Quick answer: Client-side errors happen on the player's device; server-side errors happen on your backend. Client errors affect individual players; server errors can affect everyone at once. Online games need to capture both.

For online games, errors occur in two places, the client (player's device) and the server (your backend), and they differ in blast radius and how you capture them. Here's the comparison.

What Client-Side Errors Are

Client-side errors happen in the game running on the player's device, a crash, an exception, a rendering error on someone's phone or PC. They affect the individual player whose client errored, occur across your diverse device landscape, and are captured from the field, from the player's device, with device context.

Bugnet captures client-side crashes and errors from the field with device context, grouped by signature. Client-side errors scale with your player base and hardware diversity, each is one player's client failing, so they're about the breadth of devices your game runs on.

What Server-Side Errors Are

Server-side errors happen on your backend, where your game's online services run, a failed database query, a crashed service, an unhandled exception under load. Critically, a server-side error can affect everyone at once: if a backend service fails, all players relying on it are hit, unlike a client error affecting one device.

Bugnet captures server-side errors with context (request, inputs, load), so backend failures surface diagnosably. Server-side errors are about your infrastructure under production load, and their potential blast radius, your whole player base, makes them potentially more severe than any single client error.

Why You Capture Both

They differ in where they happen, who they affect, and how you capture them: client-side (player's device, individual impact, captured from the field) versus server-side (your backend, potentially everyone affected, captured from production).

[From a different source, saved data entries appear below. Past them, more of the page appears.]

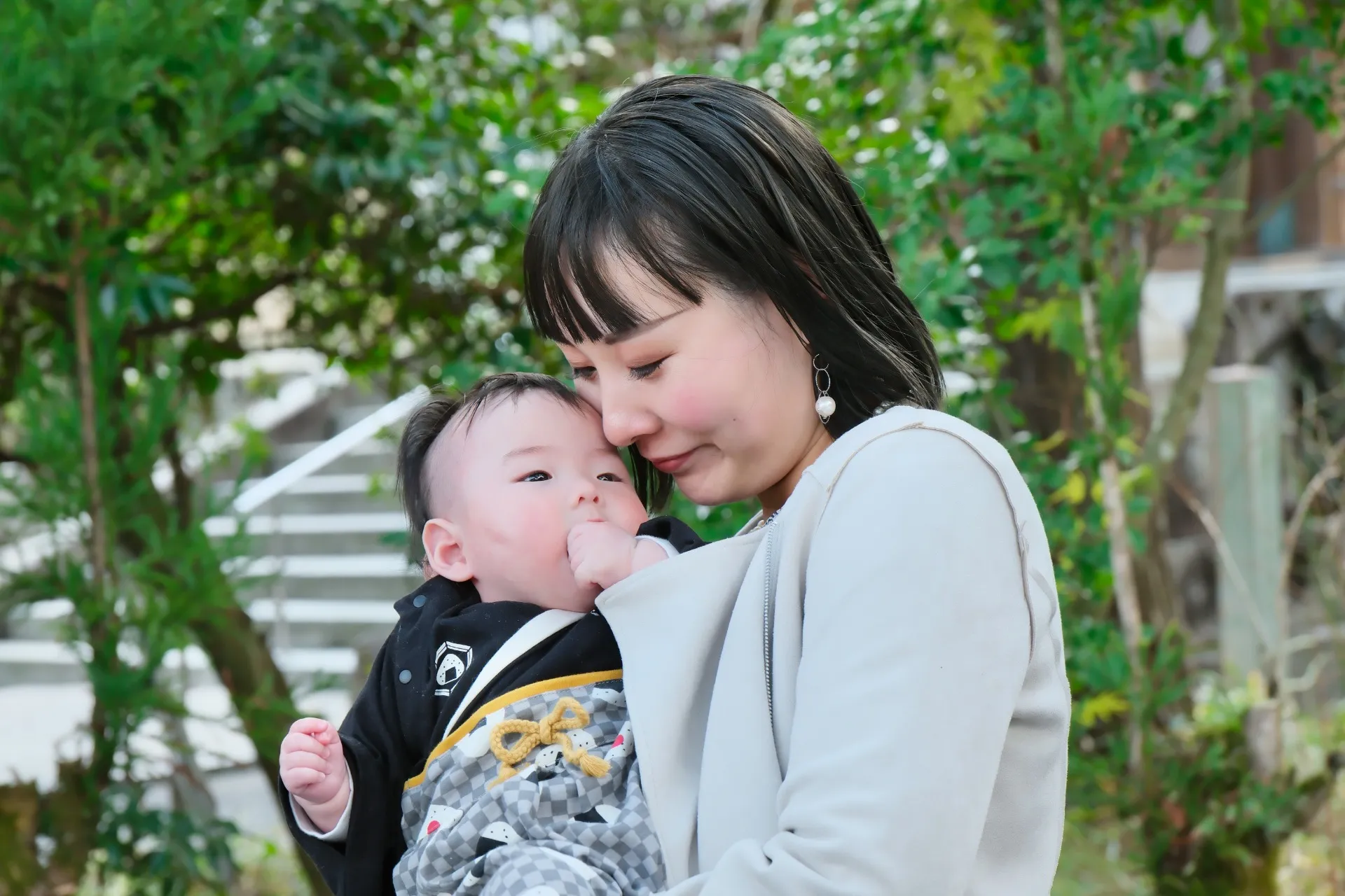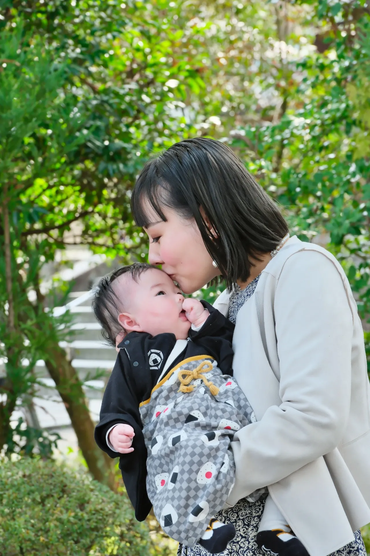 この写真のように落ち着いた緑を背景にして、赤ちゃんとお母さんの写真を撮るのも素敵です。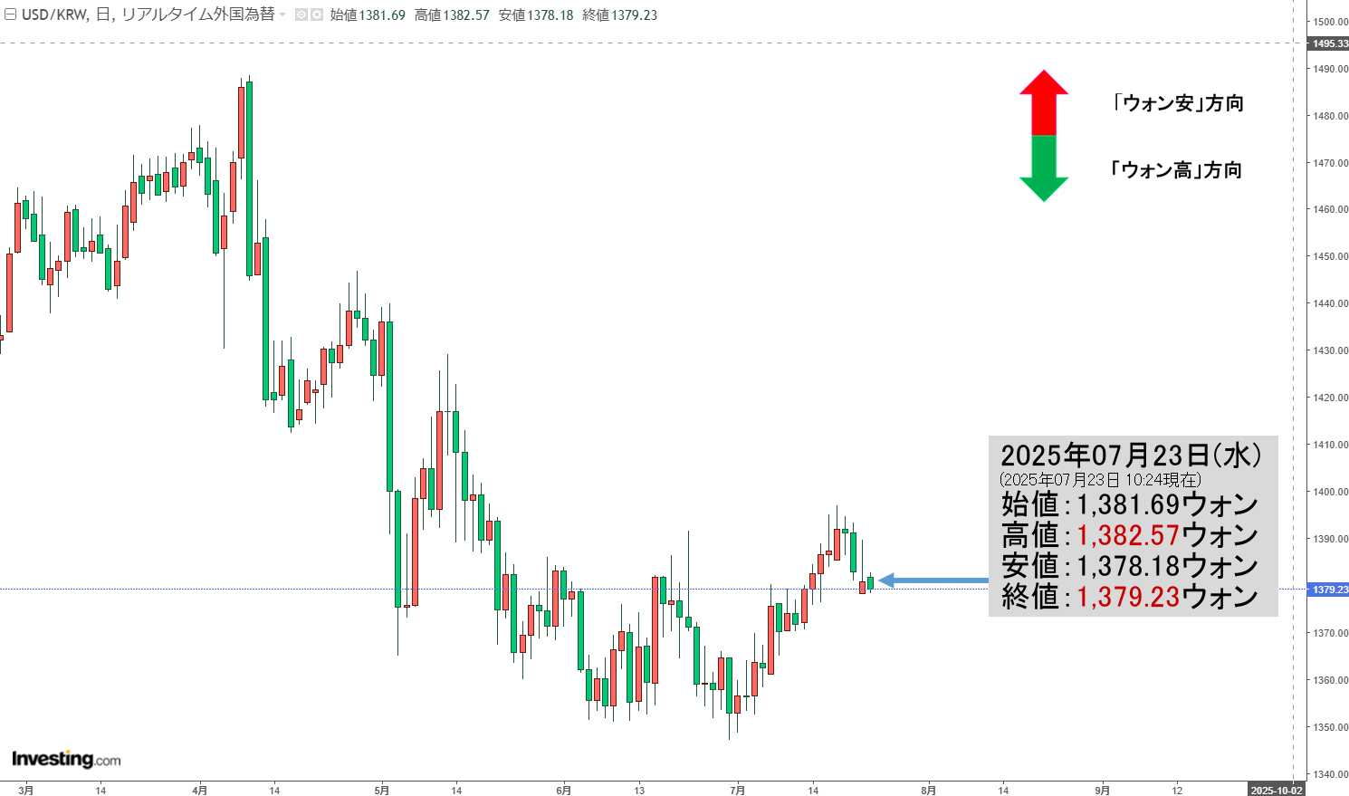 2025年07月23日(水)15:30現在、ドルウォンのチャートは以下のようになっています(チャートは『Investing.com』より引用)。「1ドル=1,380ウォン」を割りました。現在のところ「1ドル=1,379ウォン」近辺の攻防とな...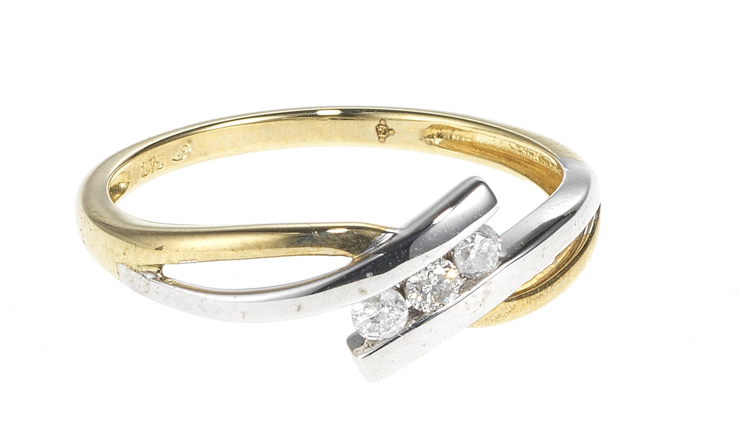 Or et or gris 375, doigt 54-14. Pour les lots précédés d'un *, la TVA de 7,7% est due sur l'entier du prix d'adjudication.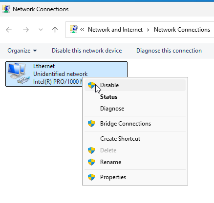 • Should re-enabling the network adapter have failed to resolve the issue, I would have considered resetting the TCP/IP stack with netsh int ip reset and netsh winsock reset and rebooting the computer.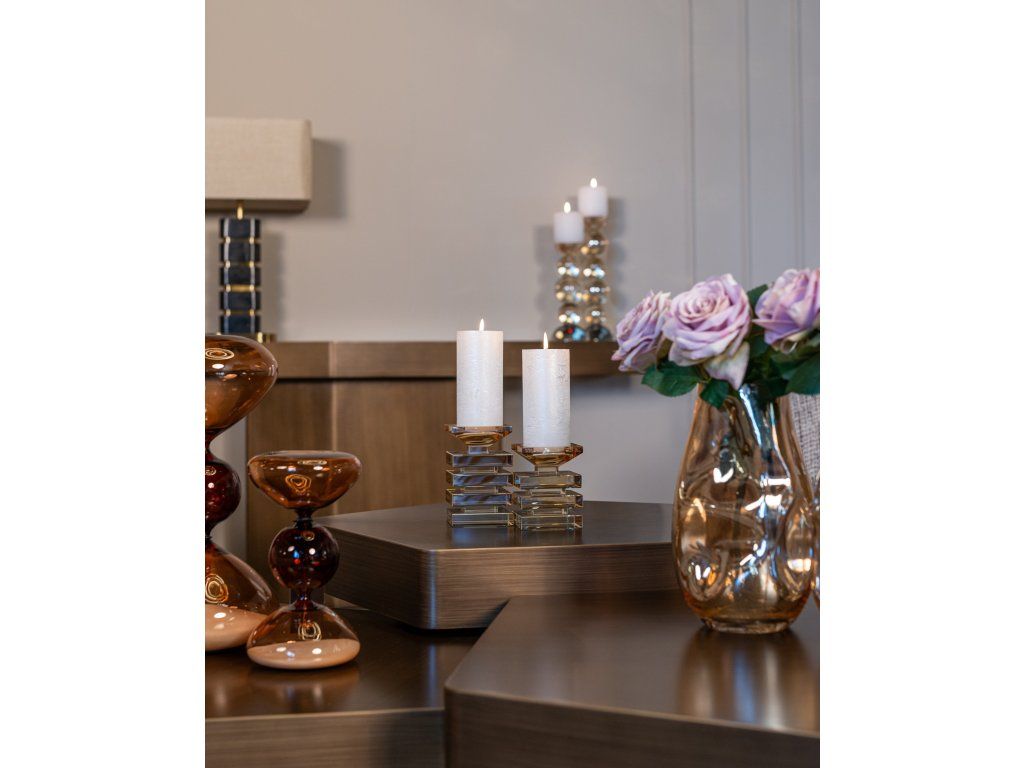 Svietnik Emie je rafinovaný doplnok, ktorý dodá vášmu interiéru elegantný a moderný nádych. Štýlový dizajn s lesklými prvkami krásne zachytáva svetlo a vytvára teplú a atmosférickú žiaru v každom priestore. Či už si vyberiete malú alebo veľkú veľkosť, Emie je ideálny pre rôzne príležitosti, od intímnych večerí až po slávnostné stretnutia. Tento svietnik je krásnou voľbou pre vytvorenie luxusnej atmosféry vo vašom domove.Dodatočné parametre

For an online game, watching only one leaves you blind to half your failures.

Bugnet captures both client crashes and server errors, giving you visibility across the whole system. So for online games, capture both: client-side errors for the device-side failures affecting individual players, and server-side errors for the backend failures that can take everyone down, since they're different problems requiring capture in different places.

Client-side errors happen on the player's device (individual impact, captured from the field); server-side errors happen on your backend (potentially everyone affected, captured from production). Online games need to capture both.